## Data shown
..............................

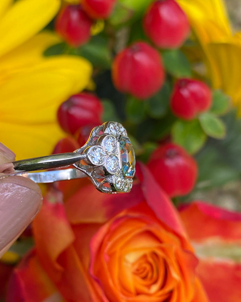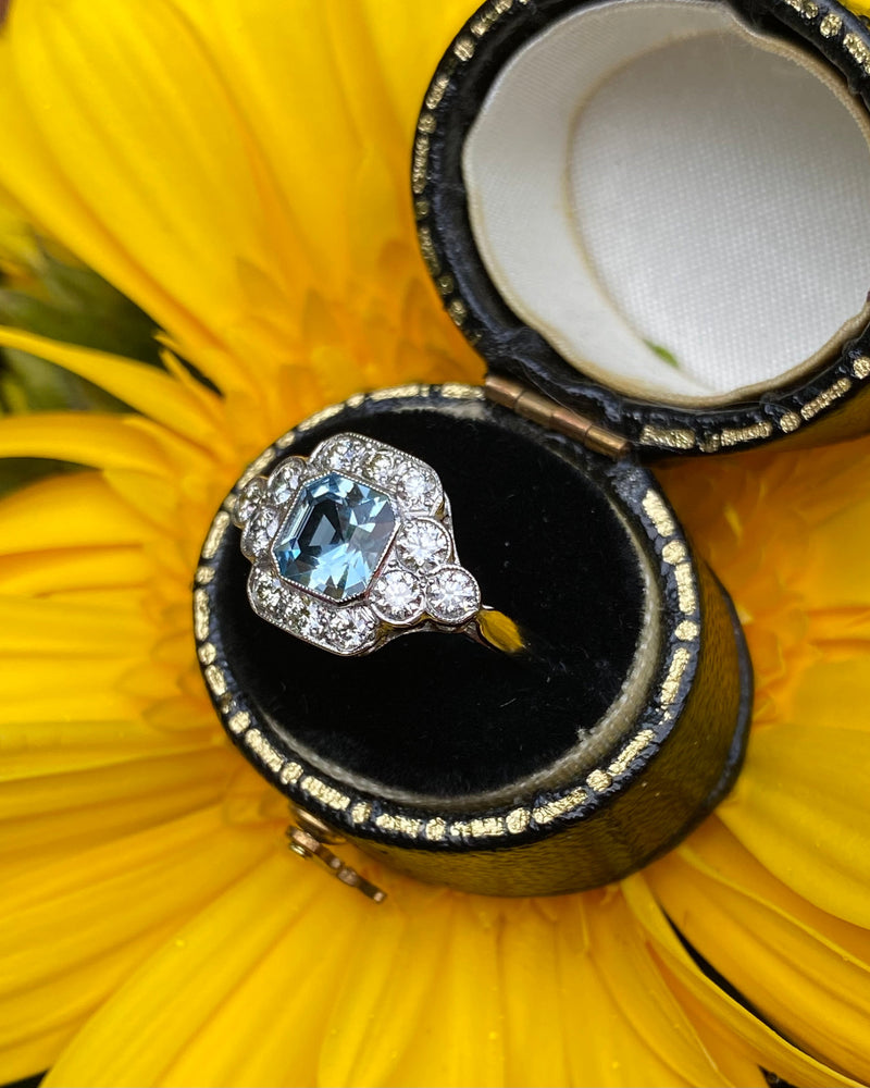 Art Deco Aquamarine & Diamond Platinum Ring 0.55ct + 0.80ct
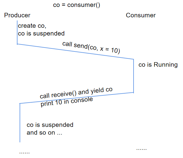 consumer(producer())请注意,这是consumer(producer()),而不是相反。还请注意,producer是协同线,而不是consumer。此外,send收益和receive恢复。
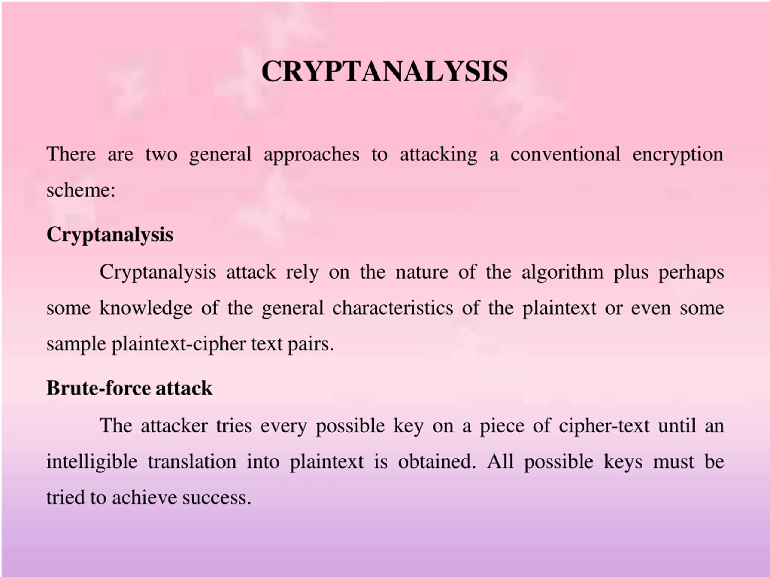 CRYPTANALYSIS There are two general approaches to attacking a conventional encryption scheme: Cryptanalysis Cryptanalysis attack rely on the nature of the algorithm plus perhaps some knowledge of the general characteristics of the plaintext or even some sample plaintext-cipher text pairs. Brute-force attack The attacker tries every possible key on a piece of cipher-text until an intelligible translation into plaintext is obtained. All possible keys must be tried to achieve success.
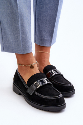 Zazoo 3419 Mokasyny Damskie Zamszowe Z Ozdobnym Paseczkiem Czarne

..............................

## Task prompt
Transcribe the whole listing exactly. Pictures stay out of your copy.

## Response to this task
 Art Deco Aquamarine & Diamond Platinum Ring 0.55ct + 0.80ct
 consumer(producer())请注意,这是consumer(producer()),而不是相反。还请注意,producer是协同线,而不是consumer。此外,send收益和receive恢复。
 CRYPTANALYSIS There are two general approaches to attacking a conventional encryption scheme: Cryptanalysis Cryptanalysis attack rely on the nature of the algorithm plus perhaps some knowledge of the general characteristics of the plaintext or even some sample plaintext-cipher text pairs. Brute-force attack The attacker tries every possible key on a piece of cipher-text until an intelligible translation into plaintext is obtained. All possible keys must be tried to achieve success.
 Zazoo 3419 Mokasyny Damskie Zamszowe Z Ozdobnym Paseczkiem Czarne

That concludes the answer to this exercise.